Brandon Invergo

My CODEML pipeline

For my research, I make heavy usage of CODEML, a program that is part of the Phylogenetic Analysis by Maximum Likelihood (PAML) package. While the program is quite handy in general for molecular evolutionary analysis, it’s a chore to integrate into pipelines used to analyze large numbers of genes. In the course of my research, I’ve built up a pipeline that I use to simplify the process. A big part of that, a Python interface to PAML, has since been integrated into Biopython. The rest of the pipeline has slowly suffered an accumulation of the effects of bit rot. Parts of it were poorly designed and needed to be modified each time I ran it.

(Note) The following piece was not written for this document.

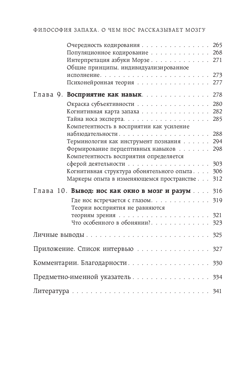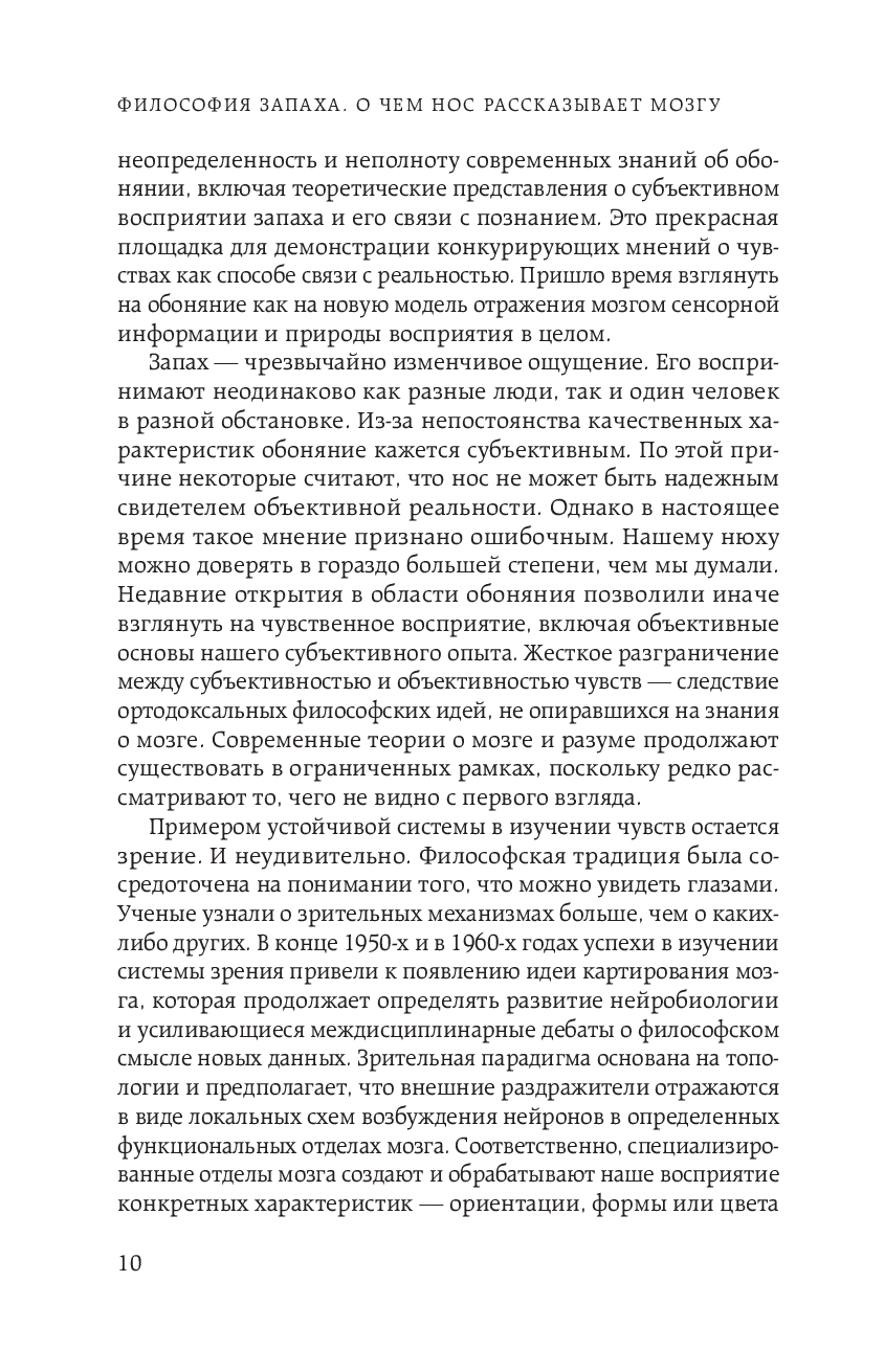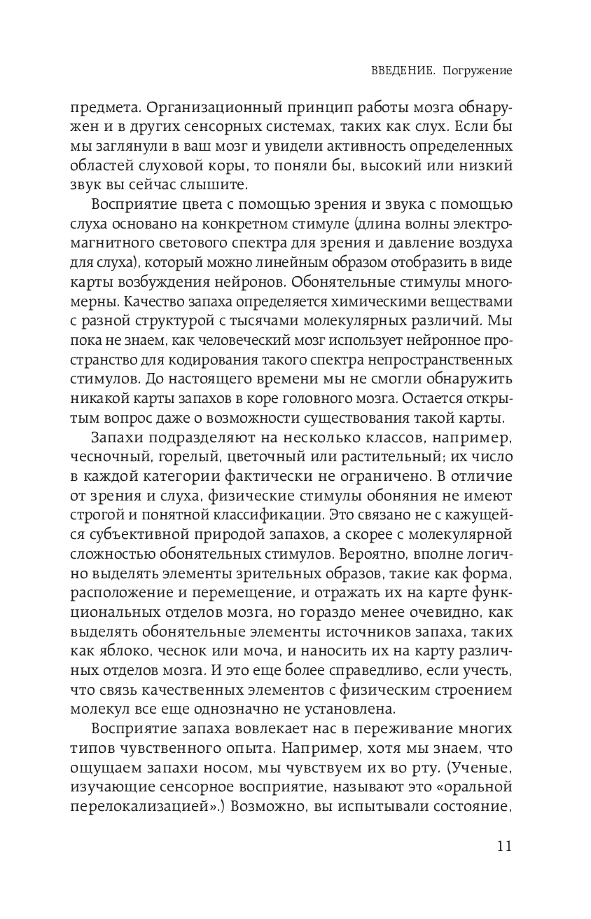 Автор рассказывает о том, как изучают биологическую механику и "значения" запахов, а еще – об интересных разработках в сфере нейробиологии, молекулярной биологии, генетики, химии и любопытных экспериментах в парфюмерии и виноделии.

I got tired of that so I have spent the better part of the last week cleaning up some of the code and completely rewriting other parts of it to be fit for usage by other people. In particular, while much of the code that actually runs CODEML remains largely unchanged, much of the actual pipeline logic, determining when to run each part of the analysis, has been replaced by a (hopefully) robust Makefile. Make already magically handles process inter-dependencies so it didn’t make sense that I was re-inventing the wheel in my Python code. The end result is much cleaner in my opinion, even if Make recipes are a bit harder to read than Python code.

I have now made the pipeline available on Github. Enjoy!